● MATERIAL PROVIDED:
*-*-*
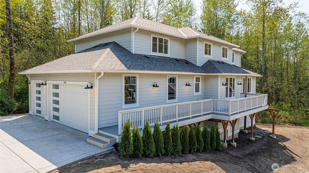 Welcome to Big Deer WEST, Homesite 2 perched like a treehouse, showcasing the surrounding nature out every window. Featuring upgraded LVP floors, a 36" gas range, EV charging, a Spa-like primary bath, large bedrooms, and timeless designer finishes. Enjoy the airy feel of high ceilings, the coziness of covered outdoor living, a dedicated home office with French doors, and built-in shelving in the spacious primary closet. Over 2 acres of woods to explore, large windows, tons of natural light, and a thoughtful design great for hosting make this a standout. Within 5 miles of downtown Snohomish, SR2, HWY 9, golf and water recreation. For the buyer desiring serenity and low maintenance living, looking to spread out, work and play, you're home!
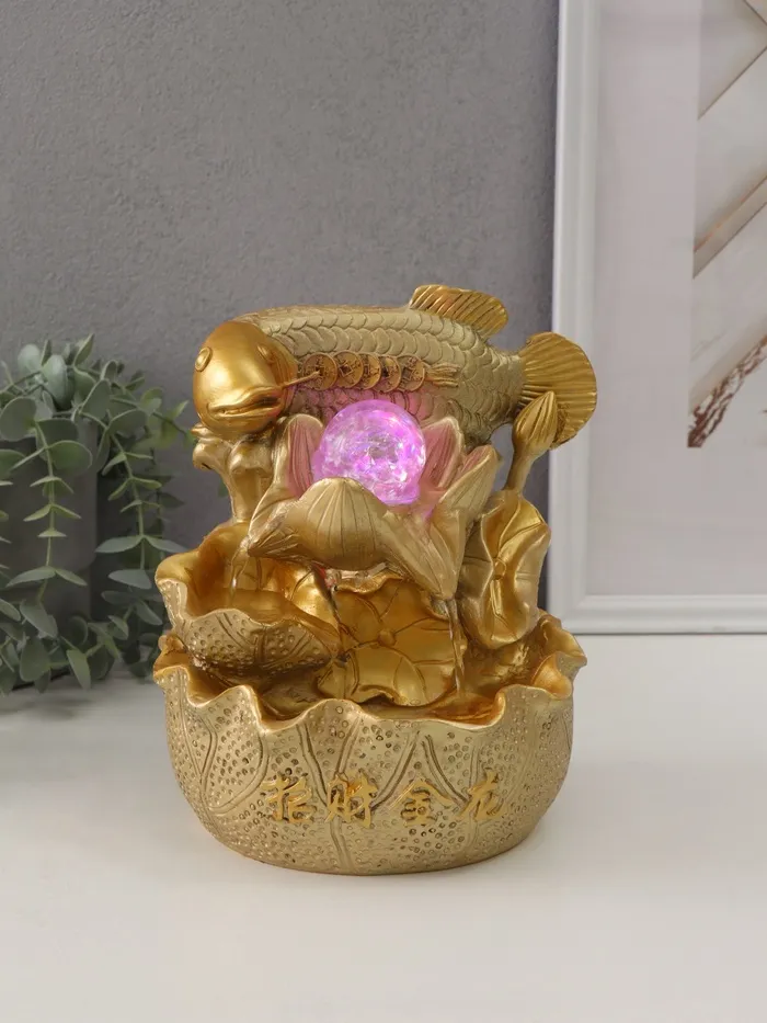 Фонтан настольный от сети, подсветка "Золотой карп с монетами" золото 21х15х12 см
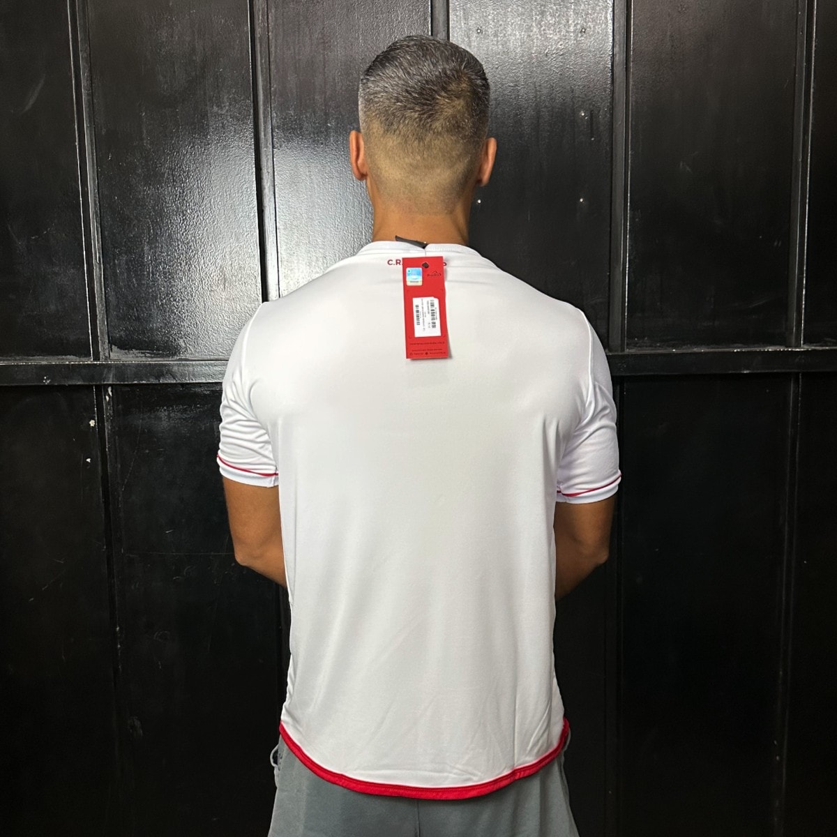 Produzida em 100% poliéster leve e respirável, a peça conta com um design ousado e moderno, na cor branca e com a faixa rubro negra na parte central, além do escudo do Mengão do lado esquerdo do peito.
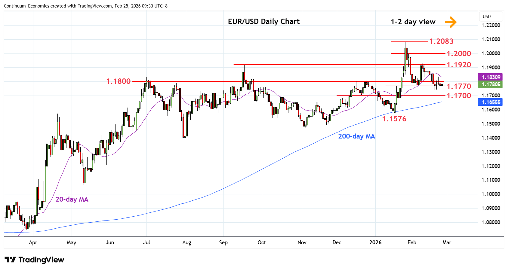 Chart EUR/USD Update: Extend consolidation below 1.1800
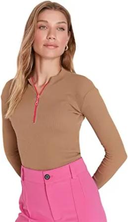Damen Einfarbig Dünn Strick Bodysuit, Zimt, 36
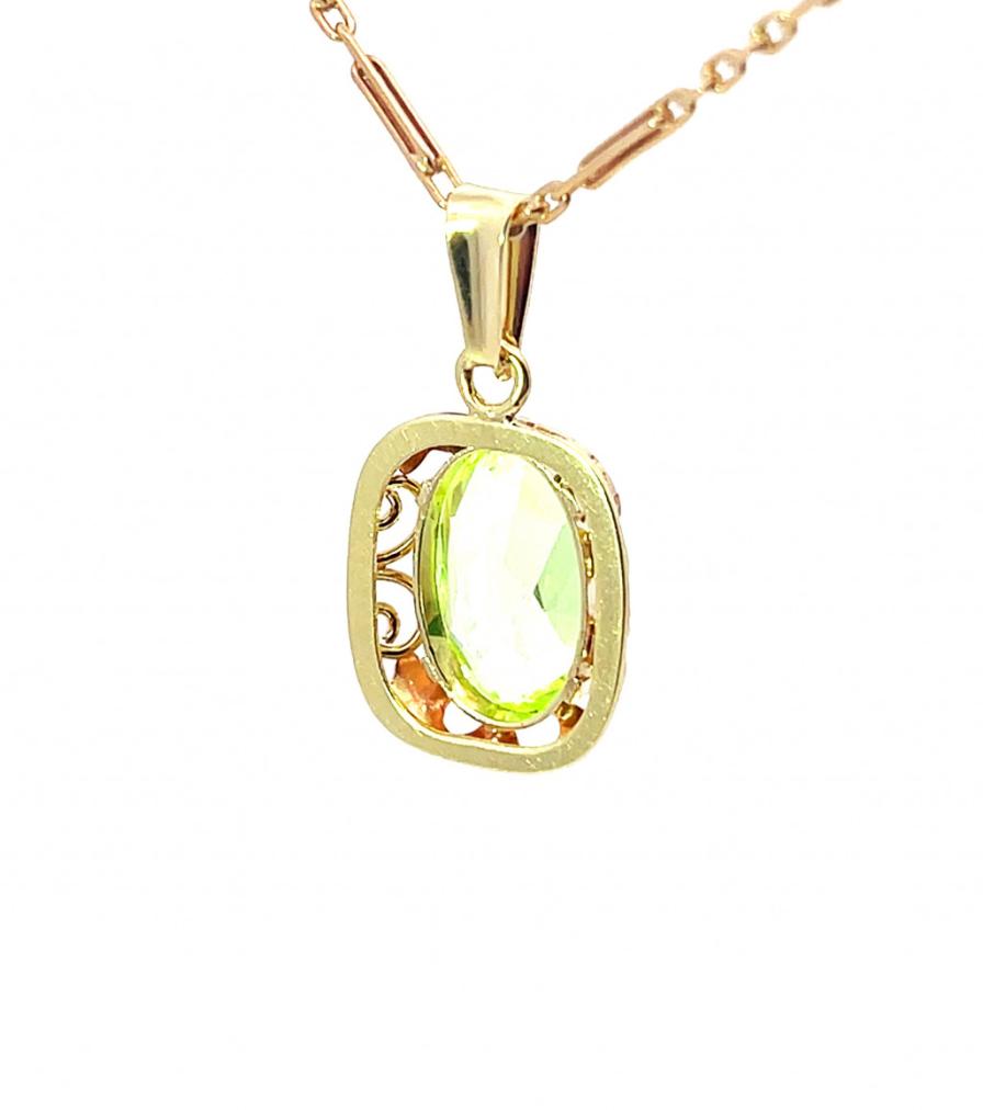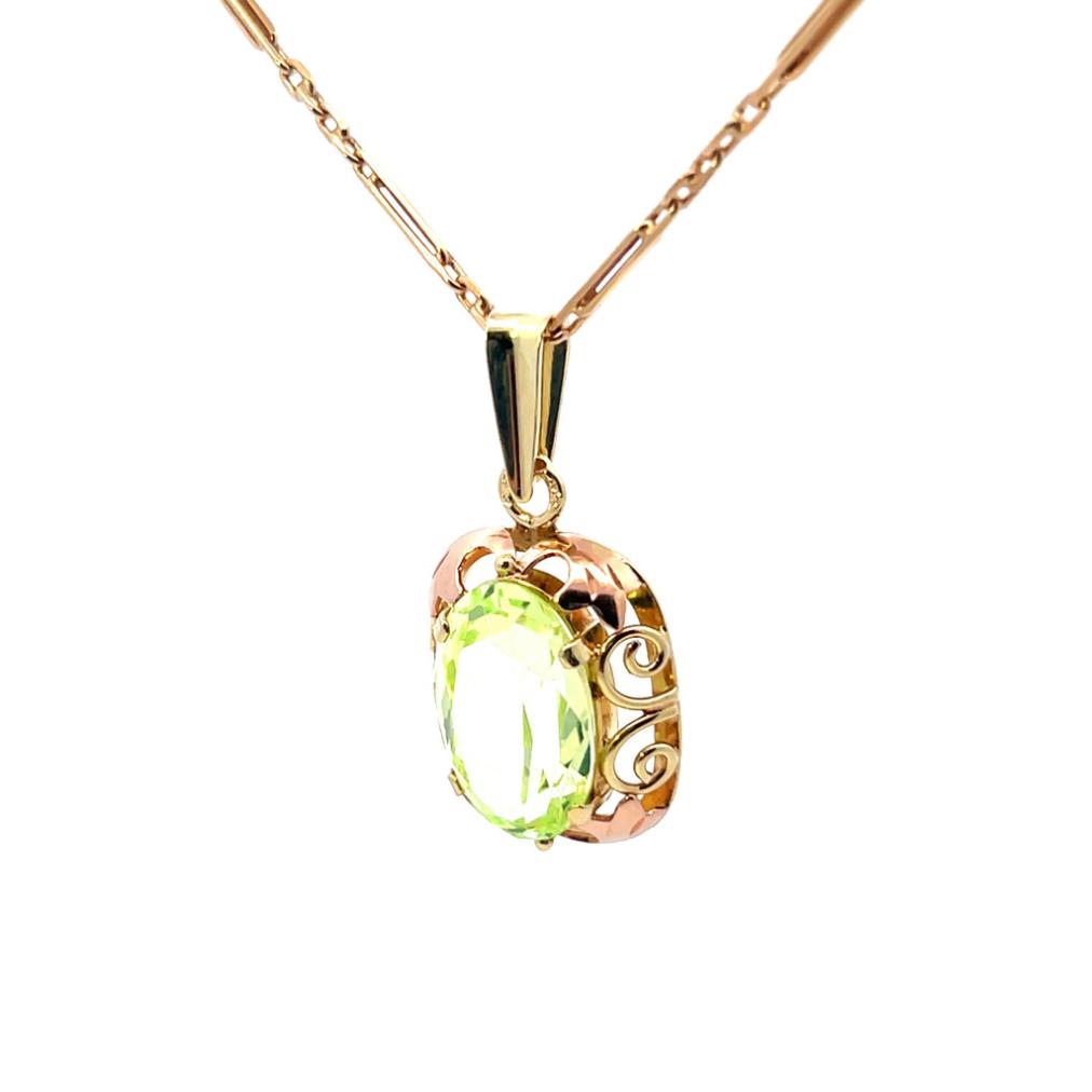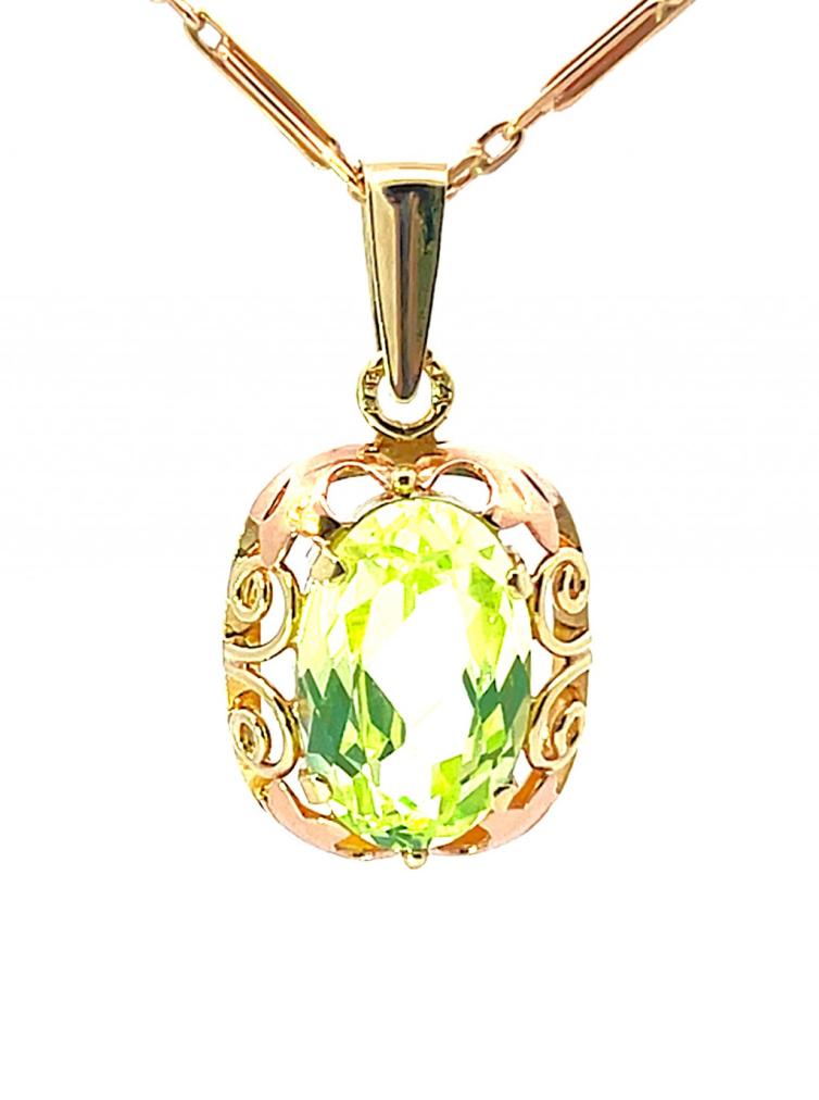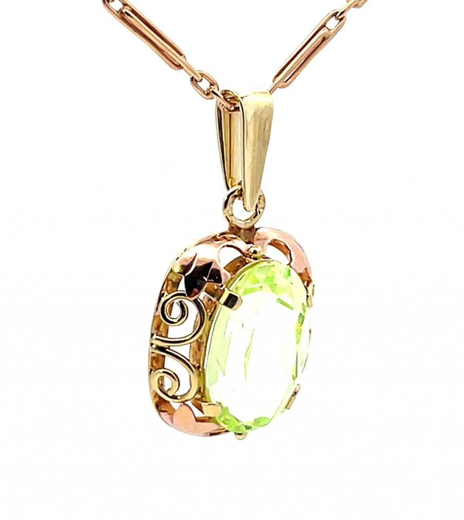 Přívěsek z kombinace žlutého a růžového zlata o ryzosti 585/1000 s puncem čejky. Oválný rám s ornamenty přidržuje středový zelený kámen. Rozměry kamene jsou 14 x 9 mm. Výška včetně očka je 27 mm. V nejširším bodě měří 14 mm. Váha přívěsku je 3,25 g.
*-*-*
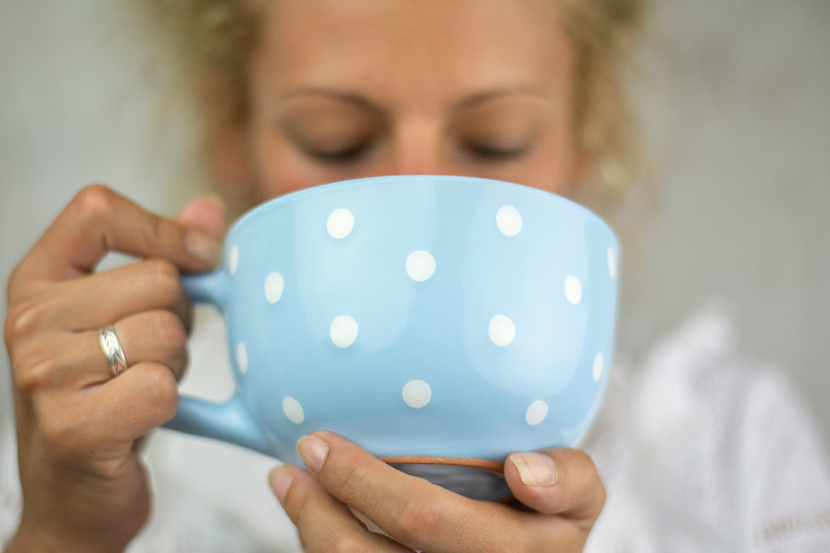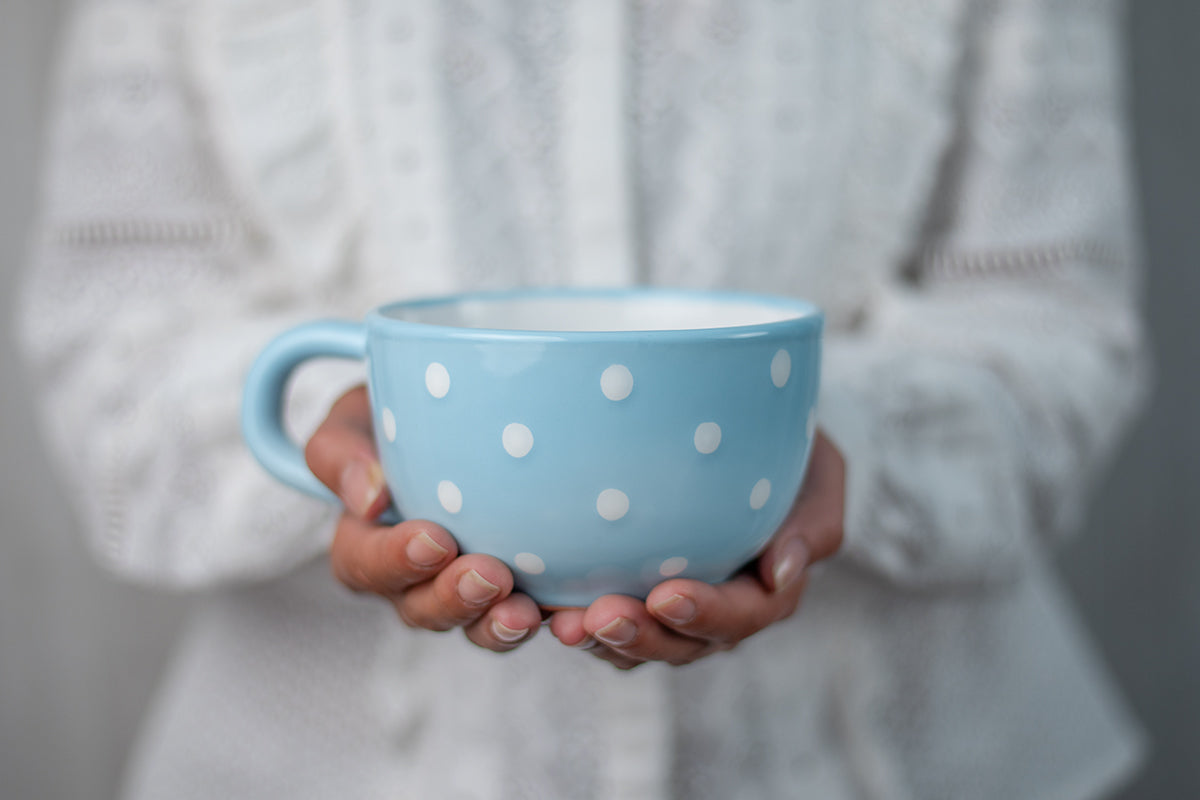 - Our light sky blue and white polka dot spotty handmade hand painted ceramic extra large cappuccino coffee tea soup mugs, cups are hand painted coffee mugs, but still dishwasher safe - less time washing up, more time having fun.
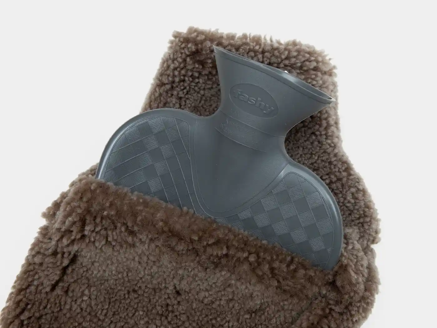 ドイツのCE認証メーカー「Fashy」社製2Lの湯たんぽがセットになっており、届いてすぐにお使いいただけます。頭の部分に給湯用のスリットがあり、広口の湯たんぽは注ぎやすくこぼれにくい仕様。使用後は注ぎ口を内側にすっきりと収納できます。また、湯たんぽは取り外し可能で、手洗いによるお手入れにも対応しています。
*-*-*
● INSTRUCTIONS TO FOLLOW: Output exactly the lines above, from the line with "Produzida em 100%" to the line with "Přívěsek z kombinace", both included; skip the pictures.

● EXERCISE OUTPUT:
 Produzida em 100% poliéster leve e respirável, a peça conta com um design ousado e moderno, na cor branca e com a faixa rubro negra na parte central, além do escudo do Mengão do lado esquerdo do peito.
 Chart EUR/USD Update: Extend consolidation below 1.1800
Damen Einfarbig Dünn Strick Bodysuit, Zimt, 36
 Přívěsek z kombinace žlutého a růžového zlata o ryzosti 585/1000 s puncem čejky. Oválný rám s ornamenty přidržuje středový zelený kámen. Rozměry kamene jsou 14 x 9 mm. Výška včetně očka je 27 mm. V nejširším bodě měří 14 mm. Váha přívěsku je 3,25 g.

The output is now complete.